Purpose: Both lipid metabolism reprogramming and lncRNAs exert effects on tumor development. We aimed to predict the prognosis of head and neck squamous cell carcinoma (HNSCC) based on lipid metabolism-related (LR)-lncRNAs.
Methods: LR-lncRNAs were determined from the RNA-ref profiles of HNSCC samples in The Cancer Genome Atlas (TCGA). The prognostic model was established by univariate Cox and Lasso regression analysis. Clinical relevance and predictive accuracy were investigated, and external validation was also performed in the Gene Expression Omnibus (GEO) cohort. Tumor immune infiltration and relevant functional analysis, including the association of autophagy with prognostic signatures, were conducted through single-sample gene set enrichment analysis (ssGSEA). The regulatory network of candidate LR-lncRNAs was investigated via coexpression, ceRNA and cis/trans acting interactions. Potential genes were selected through qRT-PCR analysis, and their effects on tumor biological activities and autophagic activity were explored after gene knockdown.

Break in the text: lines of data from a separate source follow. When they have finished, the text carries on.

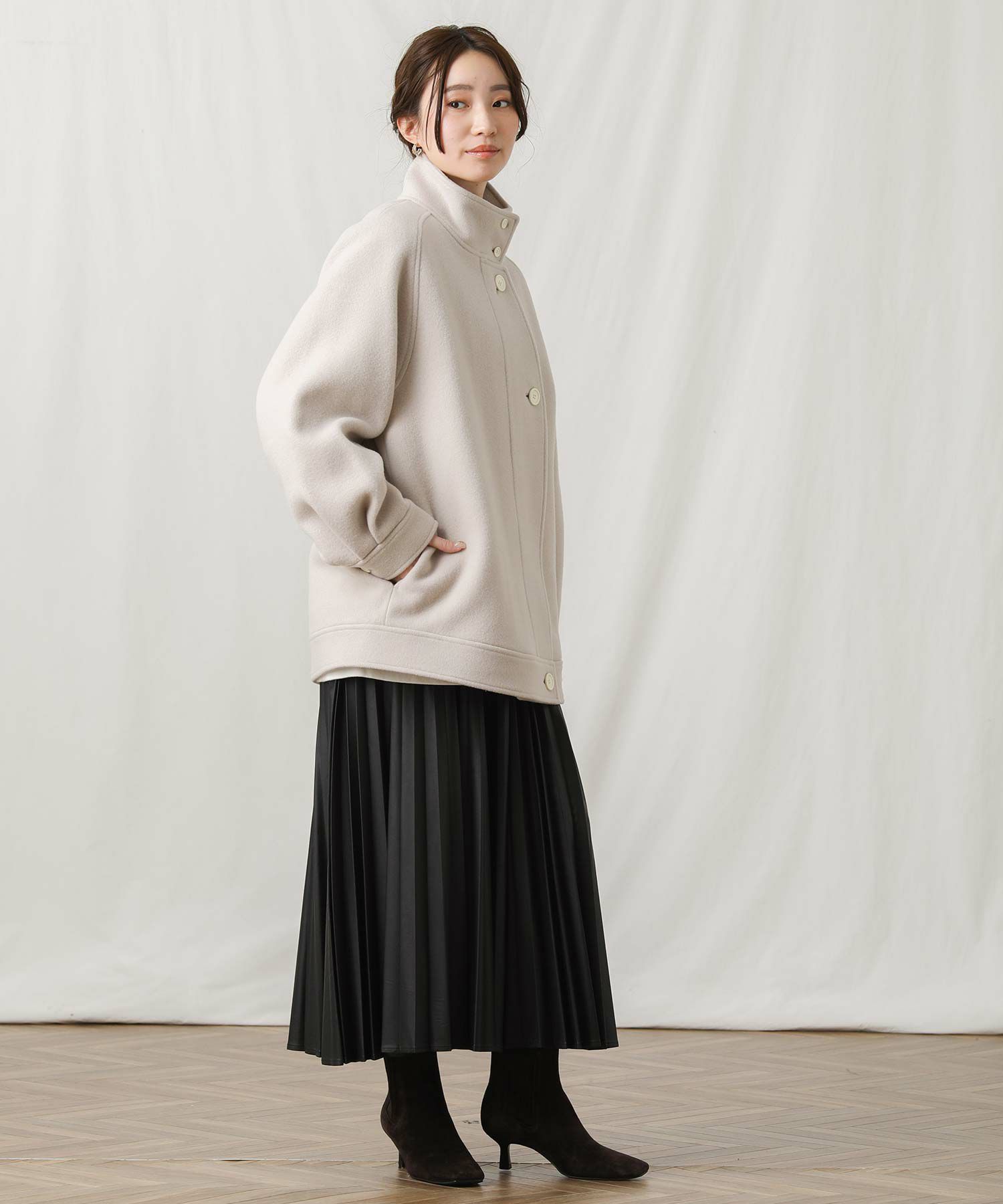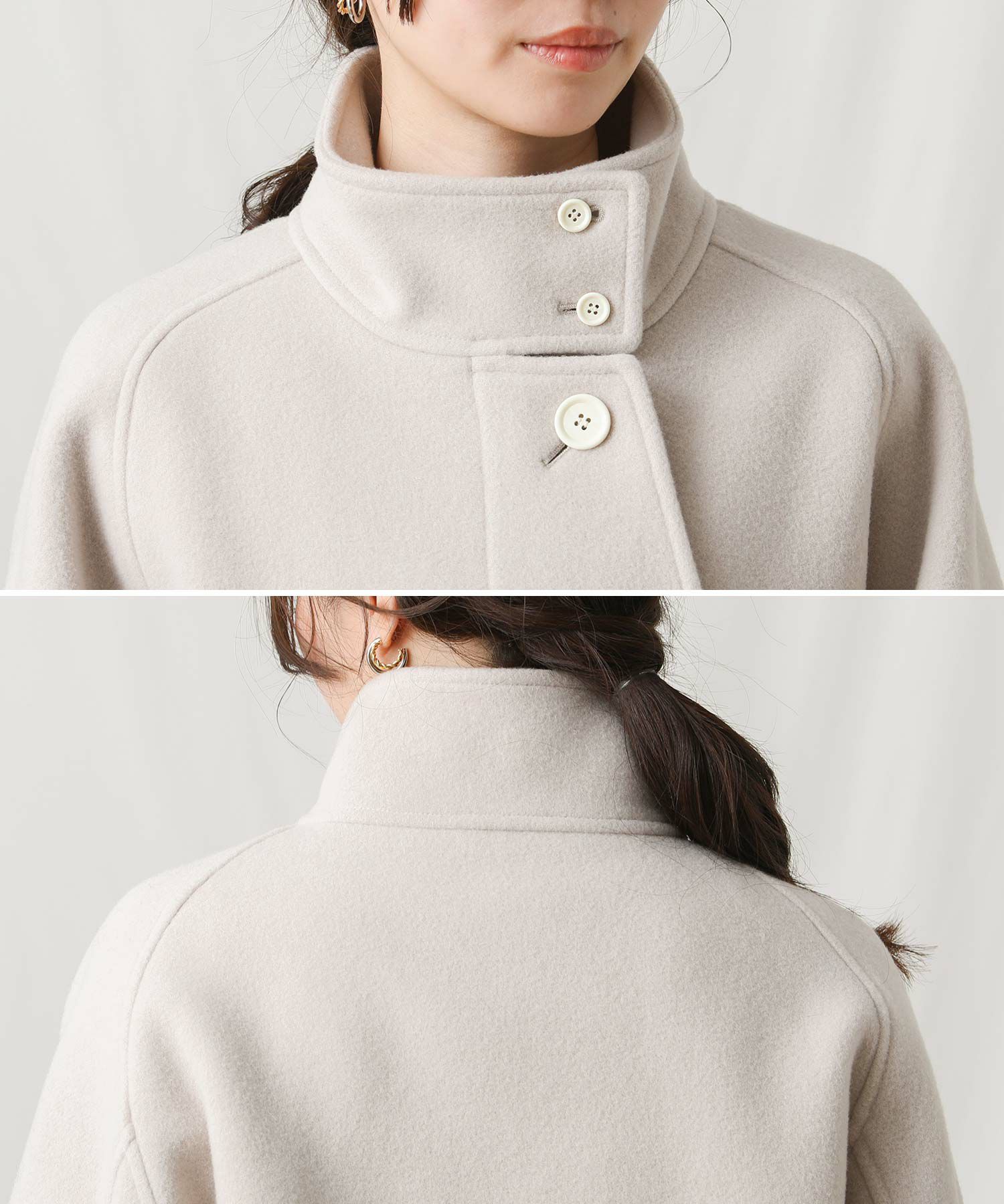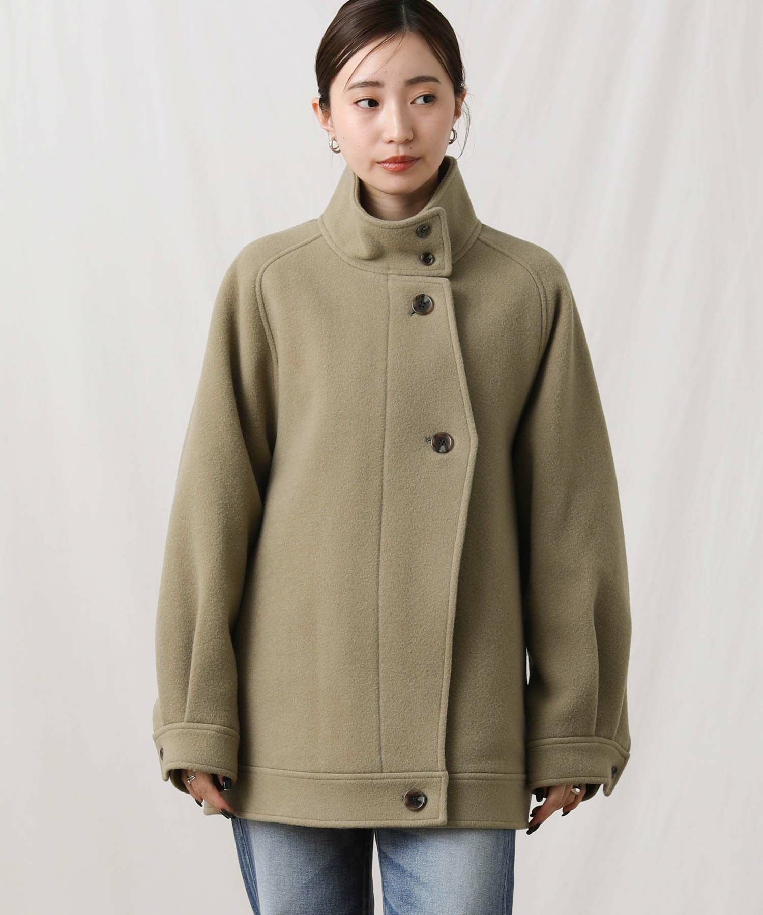 【si:m/スィーム】から、スタンドネックと比翼デザインが可愛いコートをセレクト。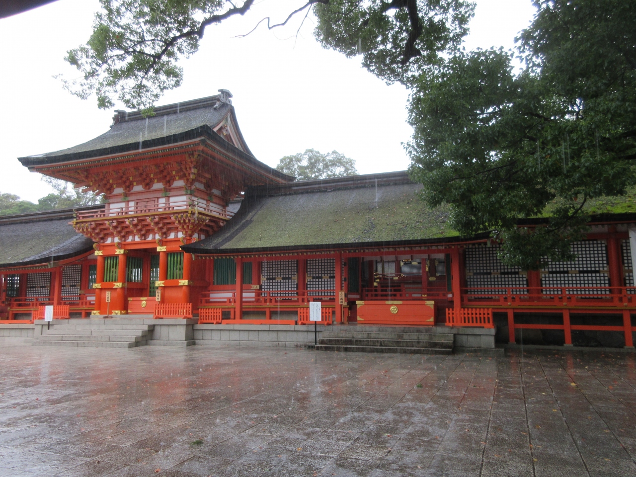 手水場の水盤は重さ24トン、日本一だそうです。手を清めてから伊勢神宮にならい外宮から内宮の順に参拝したのですが、どうも内宮からが順路だったようです。ゆっくり境内を歩きたいところですが、あいにく線状降水帯が九州地方にかかった日で、激しい雨、少し歩いただけで靴がズゴズゴになってしまいました。すべての音が雨音でかくれてしまうほどで、それはそれで雰囲気はありましたが、歩き回る気力が失せるほどの雨に困りました。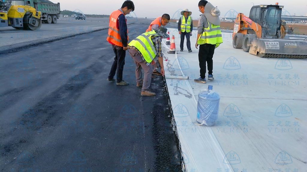 此次瀝青混凝土施工為一跑道大修工程重要環(huán)節(jié),施工項目從南向北分層實施,先完成跑道區(qū)域,再完成快速滑行道區(qū)域,最后完成道肩區(qū)域。主跑道施工采用6臺攤鋪機全斷面施工,實現(xiàn)無縫銜接;快速滑行道直線段施工采用4臺攤鋪機全斷面施工,邊角部位增加攤鋪機協(xié)同作業(yè),盡可能減少冷接縫,每條快滑計劃一次性連續(xù)攤鋪完成。該項目瀝青混合料總用量超過12萬噸。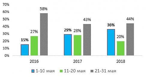 Согласно данным компании «Инвесттраст», впервые за последние три года в период майских праздников (1-10 мая) было заключено более трети (36%) всех сделок. Для сравнения – в мае 2017 года на начало месяца пришлось только 29% сделок, а на аналогичный период 2016 года – всего 15%. При этом общее количество договоров в мае 2018 года в два раза превысило показатели последнего весеннего месяца 2017 года и на 60% – мая 2016 года.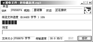 IM軟件能點(diǎn)對點(diǎn)的傳輸文件,有時(shí)候利用此功能要比使用E-mail還方便許多,當(dāng)然此項(xiàng)功能必須在對方在線時(shí)才能使用。在QQ的好友頭像上點(diǎn)擊右鍵,選擇“傳送文件”,選定要傳送的文件,點(diǎn)擊發(fā)送,等待對方接受請求。此外,ICQ的文件傳送功能還支持類似斷點(diǎn)續(xù)傳的功能,不必?fù)?dān)心文件傳送過程中發(fā)生突然中斷的情況。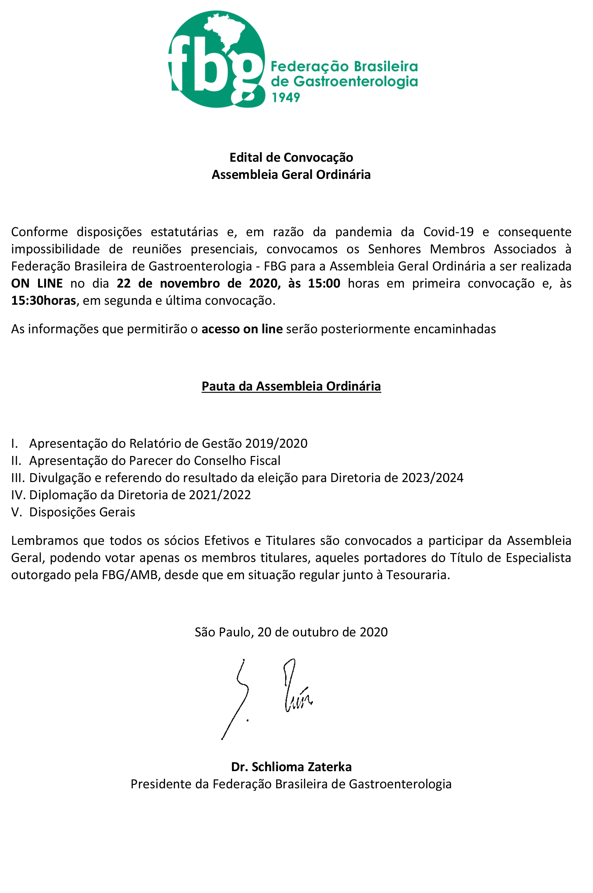 A Federação Brasileira de Gastroenterologia (FBG) convoca os sócios e titulares para Assembleia Geral Ordinária, que será realizada dia 22 de novembro, às 15h, no formato on-line – em razão da pandemia da COVID-19.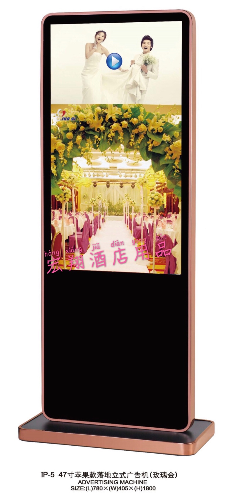 广告机47寸苹果款落地立式玫瑰金宏翔广告机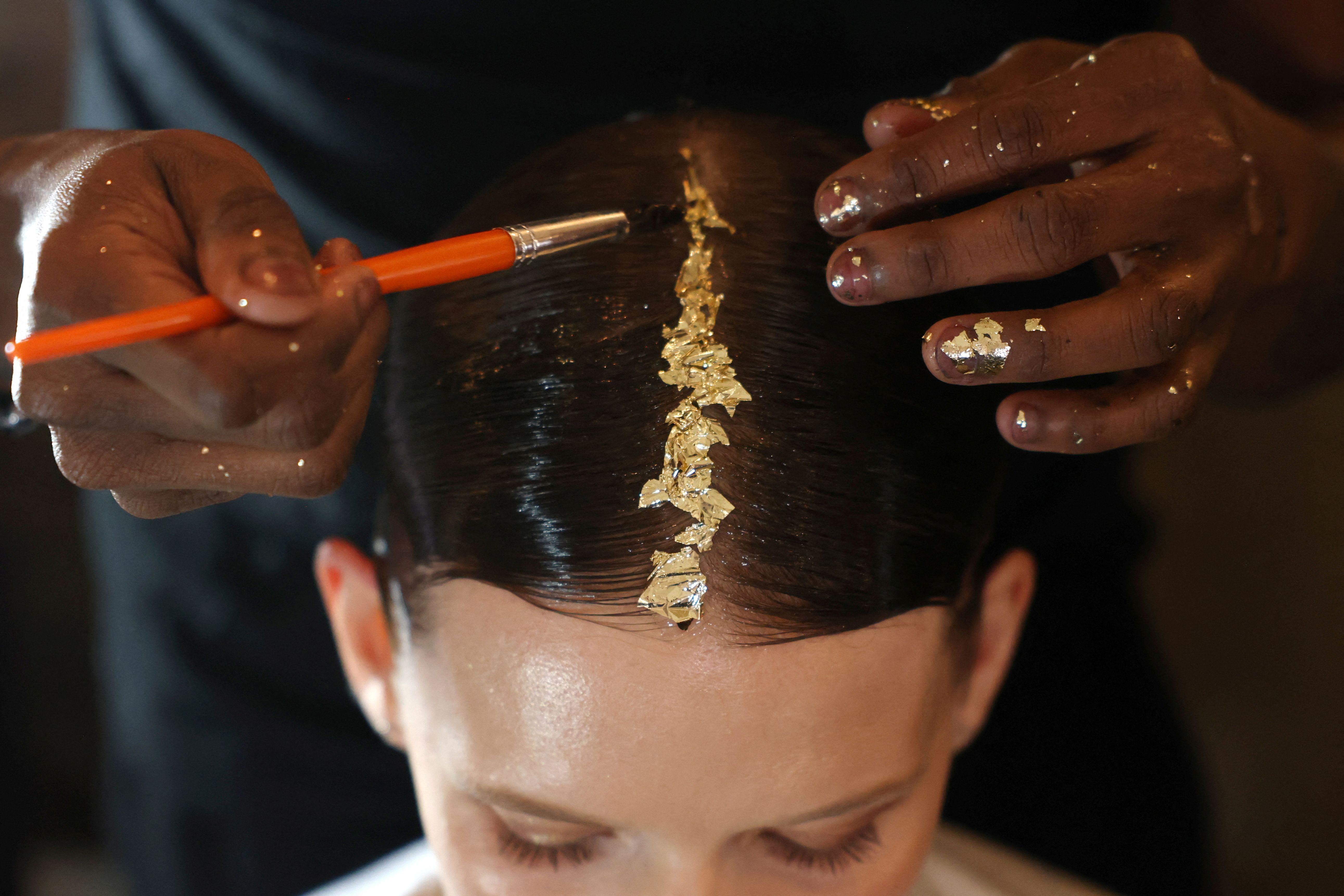 A model is prepared backstage before the Christian Siriano Fall/Winter 2024 collection show at New York Fashion Week, in New York City, U.S., February 8, 2024. (Photo by Andrew Kelly/Reuters)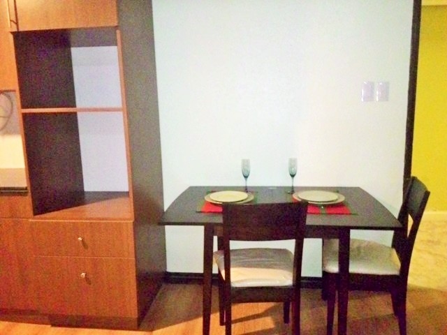 This combination of modern and classic studio unit in the Makati Citadel Inn has a stylish interior. The living room and dining area provides a generous living space and comes with all necessary appliances and furniture including dining set, comfortable sofa and air conditioning.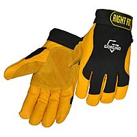Premium dyed cow leather Black spandex on back Split reinforcement on palm & thumb Hook and loop closure

Results: A total of 222 LR-lncRNAs were identified. Among the 41 genes with prognostic significance, 17 lncRNAs were eligible for the risk model. Patients in the high-risk group had a poorer prognosis than those in the low-risk group, and the risk score was found to be positively associated with tumor microenvironment infiltration via multiple algorithms. Furthermore, improved prognosis was found in patients with high autophagic scores and low risk scores, and autophagy-related genes such as PINK1 and CCL2 showed significantly lower expression in the low-risk group. The expression of immune checkpoint genes such as CD28, CTLA4 and PDCD1 decreased dramatically in the high-risk group. The target genes of candidate lncRNAs were confirmed, such as ENO2 and PPAR-gamma. Furthermore, MIR4435-2HG was the most significantly overexpressed lncRNA in HNSCC cell lines and tumor samples, which could promote proliferation and migration and inhibit apoptosis. Additionally, MIR4435-2HG silencing activated autophagy by increasing LC3B expression.
Conclusion: This study constructed an LR-lncRNA prognostic signature for HNSCC and indicated its relationships with tumor immunity and autophagy, which provides a promising future for LR-lncRNA-oriented prognostic tools and therapeutic targets.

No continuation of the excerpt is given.